The fact remains that Muhammad was a man, therefore his understanding of those epiphanies was imperfect, and due to the inherent limitations of human language, his spoken words were an imperfect expression of his imperfect understanding. In addition, the Qur’an is a record made by others of their imperfect recollection of Muhammad’s words, after many years had passed.
Thus the Qur’an records an imperfect recollection of an imperfect expression of an imperfect understanding of certain epiphanies. And Hadith piles on even more layers of imperfection. And all this must be born in mind when trying to grasp the true underlying meaning of those epiphanies, no matter what language you read them in.
You are right, the word “ineffable” is also inadequate, which illustrates my point: every word we try to use says both too much and too little. I think we understand each other very well about the use of words.
However, this same difficulty applies to words like “exist,” too. Recall my post above, in which I quoted the Oxford English Dictionary: existence means reality, and reality means existence. Formal definitions cannot take us deeper; they are circular. Ultimately, we must refer back to our own experience of things that have abstract existence, like the solution of an equation, things that have concrete existence, like a physical system which may be governed by that equation, and things that have no existence at all. We all have an innate grasp of these categories, but as we push the level of discourse to ever more fundamental levels, the distinction dissolves into incoherence.
I completely agree with you about the errors of Wahhabis, Salafists and the like. I put them in the same category with people who read the Bible literally: not only crude and naïve, but dangerously crude and naïve. Their concept of God never matures beyond the concept of father which they formed as little children. Thus they have a very childish picture of what these books mean, and they want to force it on everyone. Such people must be resisted with all our strength.
And I completely agree, for the reasons outlined above, that the only way to find truth in the Qur’an and Hadith is to read them metaphorically.
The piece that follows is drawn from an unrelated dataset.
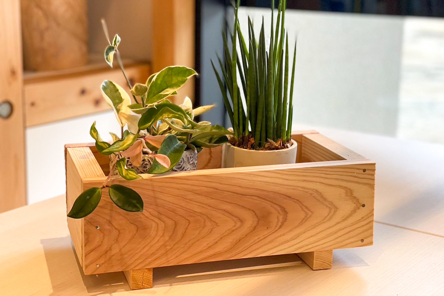 スクエアプランター、もしくは三角足の花台の2種類からどちらかを選んでお作りいただけます。スクエアプランターは、造りがしっかりしたシンプルデザインで長くご愛用いただけます。花台は、横板を好みの長さにできるので、飾りたい場所にぴったりのサイズで作ることができます。作品は当日お持ち帰りいただけますので、マルシェで出会った植物や雑貨をさっそくおしゃれに飾れます。

Further, all such truths are bound to agree with the truths one finds by reading the Bible metaphorically, or the sacred texts of many other ancient and modern religions, or the great works of secular philosophy. The things all these sources agree on are things we can consider more-or-less settled. Where they differ is where more study and reflection are needed.
There are many paths, but there is only one truth. What matters is understanding that truth, not which books we learn it from. If Muslims and Christians were really to take this to heart, they would have nothing to fight about.
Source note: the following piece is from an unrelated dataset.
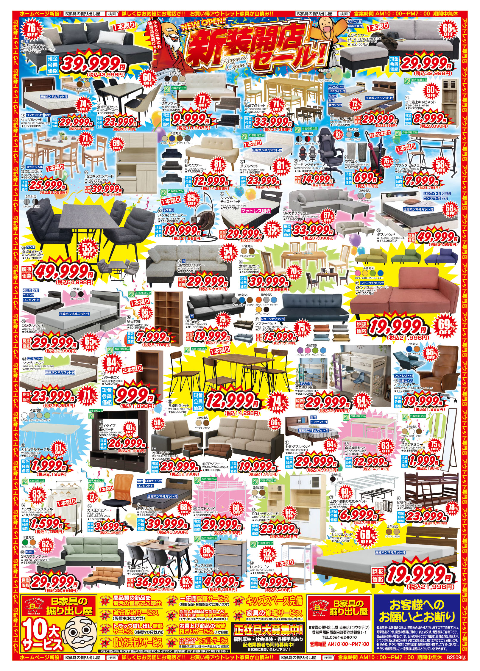 B家具の掘り出し屋では、 只今 NEW OPEN 新装開店セールを

Of course, in Islam, this line of thought leads inevitably to bid’ah, which is haram. And that is really too bad, because Islam – especially fundamentalist Islam – is sorely in need of a little well-thought-out bid’ah.
March 5, 2015 at 17:47
Sabe o que eu tenho a falar sobre a condenação de Raif?
Violação dos direitos humanos, violação de direitos fundamentais assegurados internacionalmente!
Liberdade! Não há religião, não há política, não há soberania que passe por cima dos direitos de um ser humano. Raif é um humano e não um animal que merece levar chibatas para que aprenda o que é certo ou errado, ele com certeza sabe distinguir isso, e o que ele sabe acima de tudo, é que para ele, e para todos os outros seres humanos do mundo, há liberdade de expressão, bem como liberdade de escolha!
Outro direito assegurado internacionalmente pela Declaração Universal dos Direitos Humanos é a FRATERNIDADE!
Aonde está?
Até onde sei, a religião é para ajudar as pessoas a evoluírem, a melhorar. Duvido bastante que há um Deus tão cruel ao ponto de querer que um homem seja lesado fisicamente por expressar seus pensamentos.